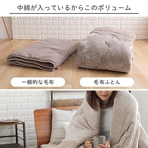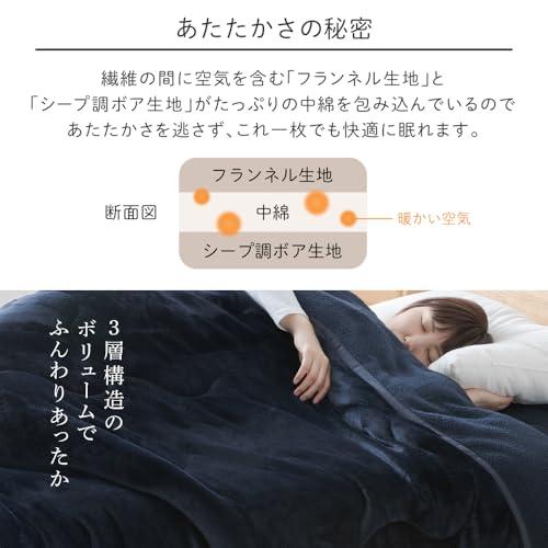 ふんわりあったかボリュームシープタッチの毛布布団。丸洗いできるので清潔安心です。 商品サイズ(cm):幅約140×奥行約200 商品重量:約1.65kg 材質 表地/毛羽部分:ポリエステル100%(フランネル) グランド部分:ポリエステル100% 衿・裏地/毛羽部分:ポリエステル100%(シープ調ボア) グランド部分:ポリエステル100% 中綿:ポリエステル100% 中綿重量:0.61kg
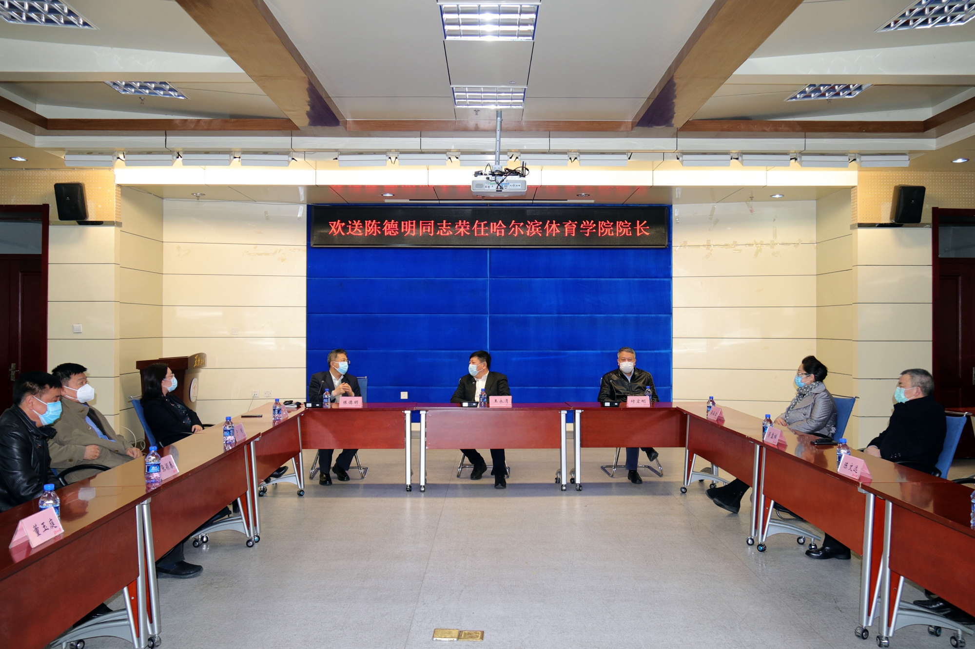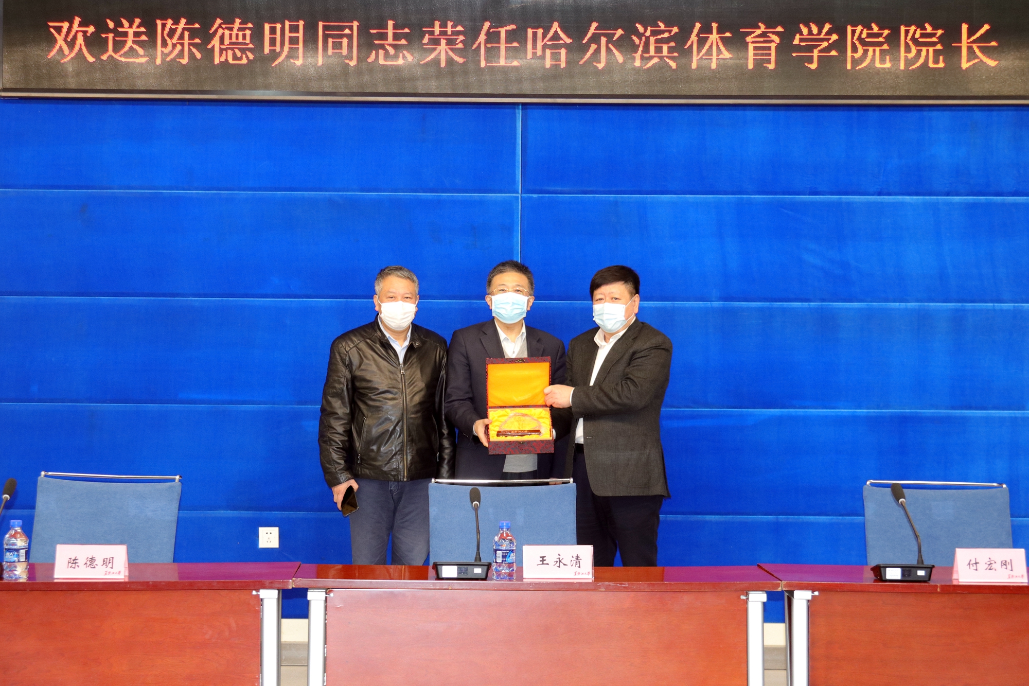 付宏刚校长对陈德明同志4年的扎实工作和辛勤付出表示感谢。他表示,在陈德明同志的带领下,学校的工会工作和民主建设取得了显著的成绩,留下了许多好的做法和宝贵的经验;在基地建设、专业建设等方面取得了标志性的成果,为学校体育事业的发展做出了贡献。希望学校与哈尔滨体育学院加强联系、紧密合作,互通有无、互相帮助,共同推进双方的建设与发展。
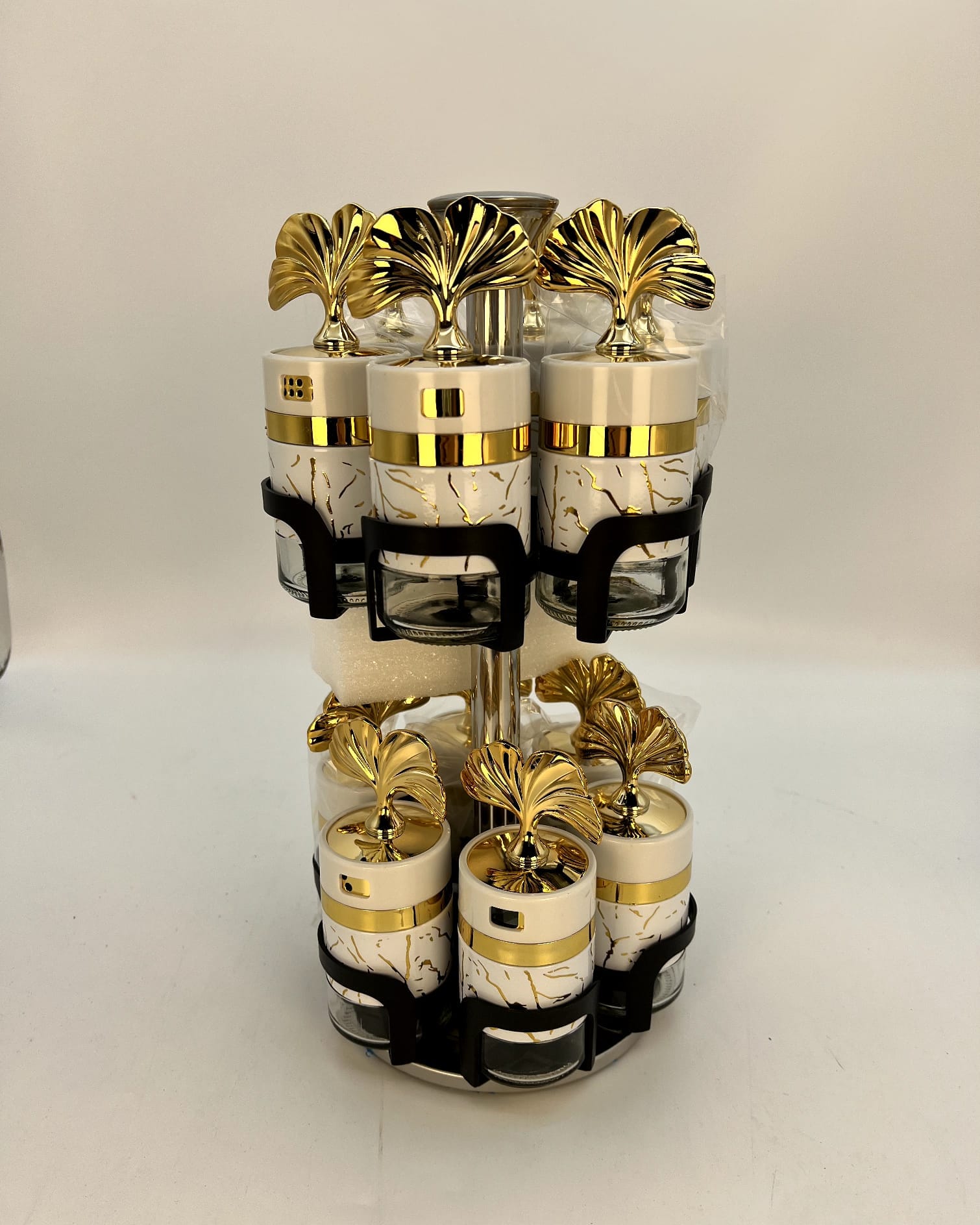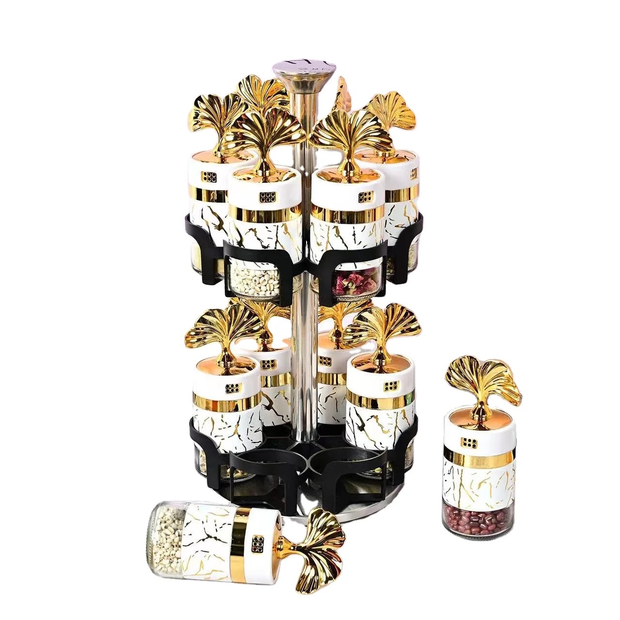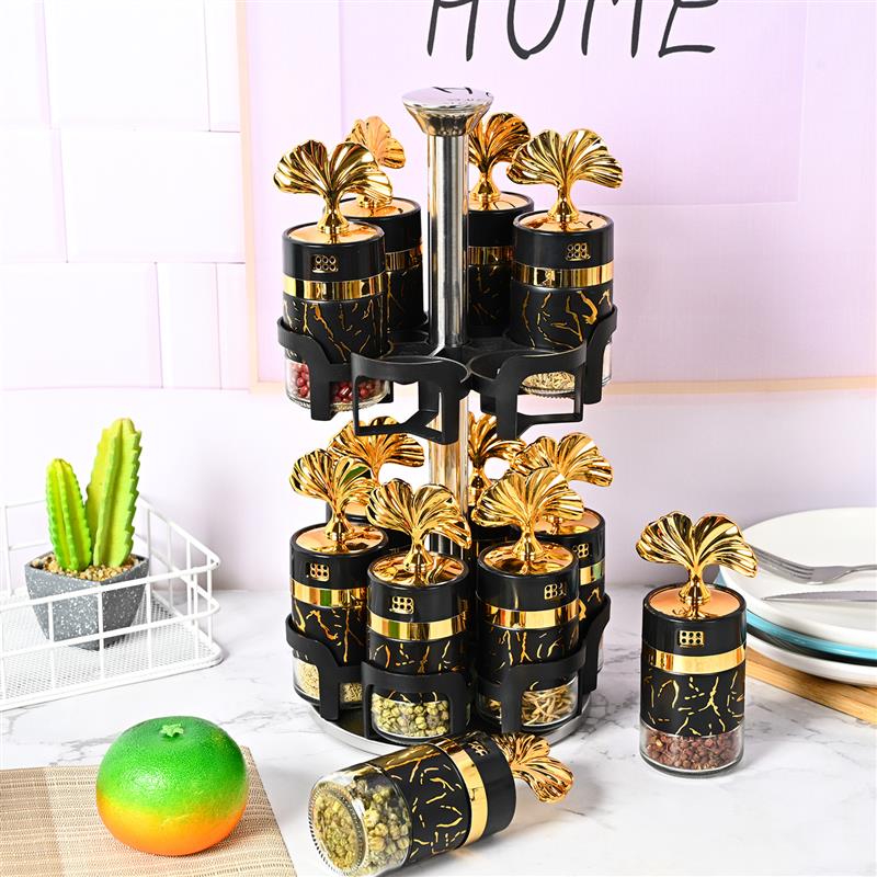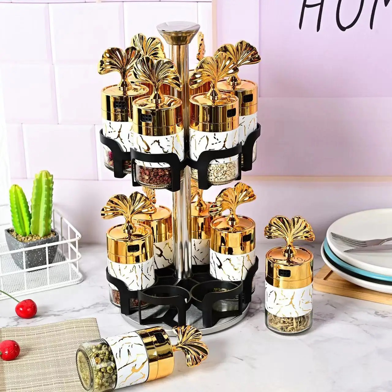 سهلة الملء وإعادة الاستخدام: تم تصميم الدوار لسهولة الاستخدام، مع برطمانات يسهل ملؤها وإعادة تعبئتها حسب الحاجة. تسمح لك البرطمانات الزجاجية الشفافة بالتعرف على المحتويات بسهولة، بينما تحافظ الأغطية الآمنة على التوابل طازجة ومحمية من الرطوبة والهواء. وهذا يجعله حلاً مناسبًا وعمليًا لأي مطبخ.

> [Task description]: What is needed is an exact copy of the data, without any pictures.

> [Answer space]:
 ふんわりあったかボリュームシープタッチの毛布布団。丸洗いできるので清潔安心です。 商品サイズ(cm):幅約140×奥行約200 商品重量:約1.65kg 材質 表地/毛羽部分:ポリエステル100%(フランネル) グランド部分:ポリエステル100% 衿・裏地/毛羽部分:ポリエステル100%(シープ調ボア) グランド部分:ポリエステル100% 中綿:ポリエステル100% 中綿重量:0.61kg
 付宏刚校长对陈德明同志4年的扎实工作和辛勤付出表示感谢。他表示,在陈德明同志的带领下,学校的工会工作和民主建设取得了显著的成绩,留下了许多好的做法和宝贵的经验;在基地建设、专业建设等方面取得了标志性的成果,为学校体育事业的发展做出了贡献。希望学校与哈尔滨体育学院加强联系、紧密合作,互通有无、互相帮助,共同推进双方的建设与发展。
 سهلة الملء وإعادة الاستخدام: تم تصميم الدوار لسهولة الاستخدام، مع برطمانات يسهل ملؤها وإعادة تعبئتها حسب الحاجة. تسمح لك البرطمانات الزجاجية الشفافة بالتعرف على المحتويات بسهولة، بينما تحافظ الأغطية الآمنة على التوابل طازجة ومحمية من الرطوبة والهواء. وهذا يجعله حلاً مناسبًا وعمليًا لأي مطبخ.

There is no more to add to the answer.